If you’re a contractor or receive income in other ways, you’ll need to do a little more work to calculate your monthly net income. To get started, use this helpful online calculator.
#2. List your regular expenses:
Once you have your net monthly income, it’s time to list your regular expenses. This should include your monthly bills, such as rent or mortgage payments, car payments, utilities, groceries, and debt payments. It helps to categorize your expenses into fixed (ones that stay the same each month) and variable (ones that are likely to change).
Some everyday fixed and variable expenses include:
Fixed expenses:
- Rent or mortgage payment
- Car payment
- Utilities (electricity, water, gas)
- Insurance payments (car, health, home)
- Phone, cable, internet, and other monthly subscriptions
Variable expenses:
- Grocery shopping
- Entertainment (movies, concerts, dining out)
- Clothing and personal care items
- Household goods
- Dining
- Travel
- Other miscellaneous activities
#3. Pay yourself: savings and investments
If you’re like most people, then before spending your discretionary money (the fun stuff!), you need to set financial goals and plans. This way, when the inevitable happens-you will at least be prepared!
After identifying how much money is going out each month, you’ll need to start thinking about how to save and invest that money. Experts recommend setting aside at least 20% of your income for savings and investments.
Ideally, you’ll want to save for both short-term and long-term goals. Short-term goals may include building an emergency fund, saving for a vacation, or purchasing a new car. Long-term goals on the other hand include saving for retirement or investing in stocks or mutual funds.
If you’re unsure how to start saving and investing your money, many online resources can help you get started. A few good places to begin include:
The Financial Diet – This website offers helpful tips for creating a budget, saving money, and investing for beginners
Investopedia – This online resource provides in-depth information on how to start investing, with articles and tutorials for all experience levels.

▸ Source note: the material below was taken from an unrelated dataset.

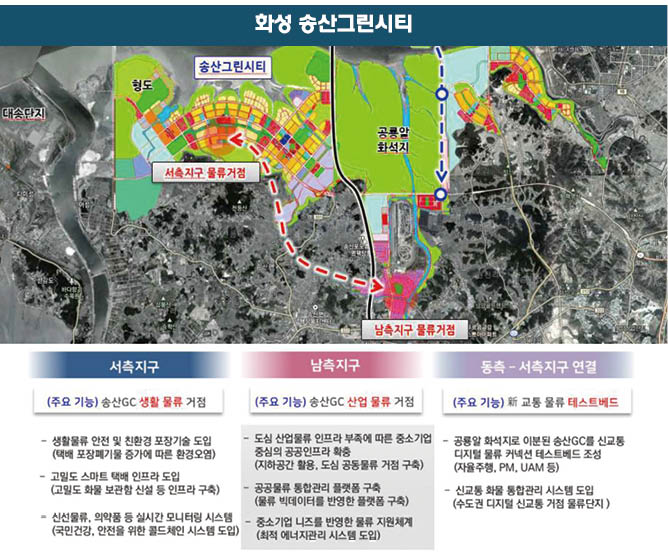 디지털 물류시범도시 조성 지원 사업으로 화성 송산그린시티는 지구 특성을 반영해 남측지구는 미래운송 클러스터 등 산업물류 기능에 초점을 두고, 서측지구는 주거, 상업 등 복합개발을 고려해 환경친화형 물류체계 구현에 중점을 두어 계획을 수립할 예정이다.

#4. Calculate your discretionary spending: the fun stuff!
Now that you’ve set money aside for savings and investments, it’s time to calculate how much money is left for discretionary spending. This amount is the money you use to have some fun, enjoy your hobbies, or go out with friends.
Experts recommend budgeting no more than 30% of your net income for discretionary spending. So, if your net monthly income is $2,000, you would have $600 to spend on fun things each month.
The amount of money set aside for spending each month varies depending on your circumstance. If you have a lot of debt payments or high fixed expenses, you’ll likely have less money for discretionary spending.
However, if you’re privileged to have a lot of extra cash, you may be able to afford more fun each month.
#5. Track your progress
The final step in creating a personal monthly budget is to track your progress and make adjustments as necessary. This means monitoring how much money you’re spending each month and whether or not you’re sticking to your budget.
If you’re overspending in one category, you’ll need to adjust your budget accordingly. And if you’re not meeting your savings or investment goals, you may need to increase how much money you’re setting aside each month.